Uncharacteristically, I went out and bought a book right off the shelf.
I am 33 pages in, and I have already gotten my money’s worth. Clear suggests that there are 3 layers of behavior change: the outermost layer, OUTCOME, then PROCESS, then IDENTITY. The whole process over outcome was comprehensible. Stop focusing on goals. Instead, focus on process, and seismic change will one day follow. But “Identity” above process? Are we talking about attitude? Have a positive outlook, positive self-image, and you’ll do well? If that’s it, I win… But that wasn’t it.
The foundation of success is the way you see your habits, like losing weight or cessation of smoking. If the cessation of smoking is your goal and someone offers you a cigarette, what do you do? According to Clear, you do NOT say, “No, thanks, I am trying to quit.” WHAT?!?!? Instead, you say, ” No, thank you, I am not a smoker.” To change your life, you have to change your identity. My mind was blown right there. That’s so simple, but had I ever thought about that? Probably not.
It was at that moment that I realized, I am not emulating Katie.
Who’s Katie? My friend Katie is the most put together, intelligent, hardest working young person I’ve ever met. We sat next to each other in our biology courses, and for me, it was the best thing that came out of my NU experience. I made a true friend (which in and of itself is incredible and beyond meaningful), but I also found a mentor. She has helped me in every step along the journey to med school from setting the bar in class, to showing me that it is possible to “beat” the MCAT. She is at the top of her game in everything she does, and you’d never know it; Katie is one of the most humble and kind individuals walking this Earth. She shared her successes with me, her constant advice, her methods, her time, when all I could say, was, “I don’t think I can do this.” Her response, “but you can.”

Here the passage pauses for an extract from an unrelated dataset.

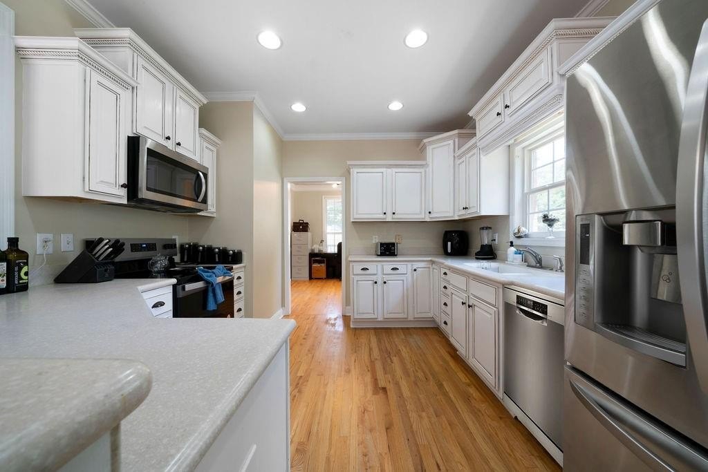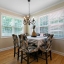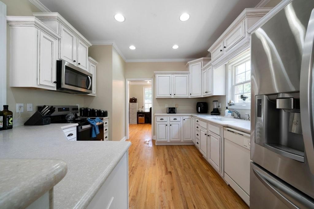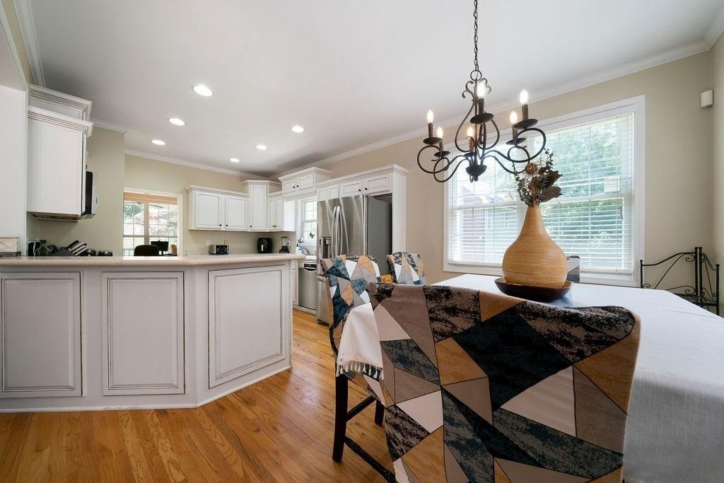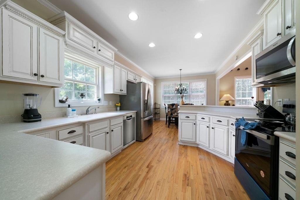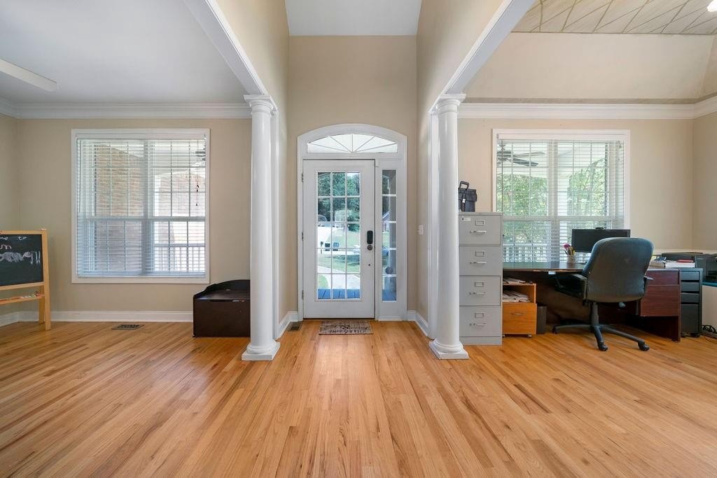 Real hardwood floors with a natural finish flow throughout the main level, while the upper level boasts freshly cleaned plush carpeting. Entertain with ease in the formal Living and Dining rooms, both filled with natural light from oversized windows. The bright and open Kitchen includes ample white cabinetry, stainless steel appliances, and a bar-height counter that opens to a sun-drenched breakfast nook—perfect for enjoying peaceful mornings. The vaulted Family Room is a true showstopper, offering a beautiful brick fireplace, dramatic ceilings, and beautifully crafted built-in shelving. The spacious Laundry Room provides practical storage and hanging space, and the two-car garage comes complete with custom cabinets for additional organization.

We have an inside joke in my family, it’s that “Wow, Katie sure is bossy!” 🙂 She is the total opposite of bossy, and we all know that. However, we say that because when Katie makes a suggestion, I make it a requisite. Katie RECOMMENDED that I write drafts of my secondaries early. I turned around and told myself, you MUST write your secondaries early. It was always an iteration of if you want to do well, you MUST go and do this, go and do that.
Truth is, I wanted to emulate her success, to be just like Katie. I wanted to make my parents cry as I broke the news of my MCAT score. I wanted to travel the US to interview at schools I couldn’t have dreamed of as a kid; waiting on acceptance letters and knowing that they would be sent to me, then making my parents cry again when the letters did arrive, having a choice in where I’d end up. Then I read Clear’s book, and I realized it’s not that I want to be Katie, I am Katie.